Page 14 of Picture Me Gone


  This time Matthew looks up at him, interested, amused. I know, he says.

  The two men sit unmoving, each coming to the separate realization that he has misunderstood the other.

  The ashes of an old friendship flutter and settle in a delicate heap beneath the breakfast table.

  Please, says Gil, and I can hear a rich chattering of emotions in the word. His please means Please let this all end, please let’s resolve this so I can go home.

  Matthew smiles at him. It’ll all be fine, he says.

  I want to help.

  Oh, I’m well beyond help, Matthew says calmly.

  I look over and see Matthew and Gil, their eyes locked across the table, concentrating like chess players.

  You’re not, Gil says.

  No? There is the ghost of a smile on Matthew’s face, as if behind the thick dull pain there is a funny side to all of this. I appreciate your faith, he says.

  Suddenly I am frightened. My father’s faith in Matthew is one of the instruments of his destruction. It reminds him of what he was. How much he has lost.

  Matt, come back with us. Come home. Please. Gabriel misses you.

  Matthew nods. He looks exhausted.

  I’ll stay as long as you need me to.

  No, says Matthew. Go back to London. There’s nothing more you can do.

  Are you sure? But I can hear in Gil’s voice that he’s relieved. No doubt Matthew can hear it too.

  Matthew nods. I wonder if he is already drunk, always drunk, in a way that doesn’t quite show.

  What happened? Ask him what happened that day, Gil, ask him properly, for god’s sake. I edge closer, drawn by the dark tug of missing facts.

  Gil is still talking, tentatively, saying all the wrong things. I’m sure you can sort things out with Suzanne. For Gabriel’s sake.

  But Matthew has stopped listening. The very air around him has ceased to move. I look at Gil. Listen! I want to shout. Something happened that day. Something’s happening now.

  I am struggling, trying to read a story written in a language I don’t quite speak. Why can’t Gil translate?

  Perhaps Matt chose a brother who would not see into his soul.

  The puzzle pieces in my brain dance just out of reach. I turn to Matthew and focus hard.

  Gil speaks of getting back to normal. Matthew stares out of fathomless eyes. He sits perfectly still but the hand that grips his glass trembles.

  With an air of resignation, Gil gets up from the table and goes to check out, leaving the two of us together.

  I focus harder. Gil has told me that in order to translate you need to be a chameleon, to put on the skin of another person, to creep inside his head. I have seen this transformation take place within him—his features and sometimes his personality seem to alter with each voice he takes on, with each book.

  And then the pieces begin to line up. I am back on the day of the accident, the day Owen died.

  It is dusk.

  My head aches, my skin feels tight. Has Matthew been drinking? I can’t tell. Owen is sitting in the backseat.
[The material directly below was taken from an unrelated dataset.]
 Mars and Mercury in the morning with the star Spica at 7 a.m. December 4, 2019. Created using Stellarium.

  And then I think of Matthew opening the car door for Honey and, of course! Honey was in front. Matthew took her everywhere, Suzanne said. She loved the car. So Owen sat in the back because his father’s dog was in front. If their places had been reversed, the child would have lived and the dog died.
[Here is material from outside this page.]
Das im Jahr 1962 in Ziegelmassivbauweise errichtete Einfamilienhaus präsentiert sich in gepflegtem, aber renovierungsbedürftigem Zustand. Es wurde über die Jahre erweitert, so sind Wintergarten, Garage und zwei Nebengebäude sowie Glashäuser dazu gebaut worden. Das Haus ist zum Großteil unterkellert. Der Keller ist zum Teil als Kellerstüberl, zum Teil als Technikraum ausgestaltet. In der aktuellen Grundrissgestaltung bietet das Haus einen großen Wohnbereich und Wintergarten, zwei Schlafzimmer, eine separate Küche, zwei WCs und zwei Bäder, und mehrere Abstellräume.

  With Honey in front, Matthew had to turn to look at Owen, to talk to him. At that hour, in winter, with ice on the road and everyone driving too fast, that’s all it would have taken. One backward glance. Or two. A lorry coming up from behind.
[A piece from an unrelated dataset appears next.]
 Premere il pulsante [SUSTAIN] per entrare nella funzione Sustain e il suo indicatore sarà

  The picture comes together. That’s why Suzanne hates Honey. For surviving when Owen didn’t. And it’s another reason to hate Matthew. For putting Owen in the back. She knew the dog would have been in front.

  Something else occurs to me.

  What if Suzanne knew everything? What if she not only knew everything that happened that night, but everything? About Lynda and Jake. Matthew’s drinking. Maybe she sent him away after Owen died. She’d lost her son and wasn’t prepared to lose her husband to a manslaughter charge on the same day. What if she saved him from arrest on the day she was called to the hospital to identify her dead son?

  I feel dizzy with the shifting ground of the story. Matthew is staring at me now.

  Recalculating, says my brain. Recalculating.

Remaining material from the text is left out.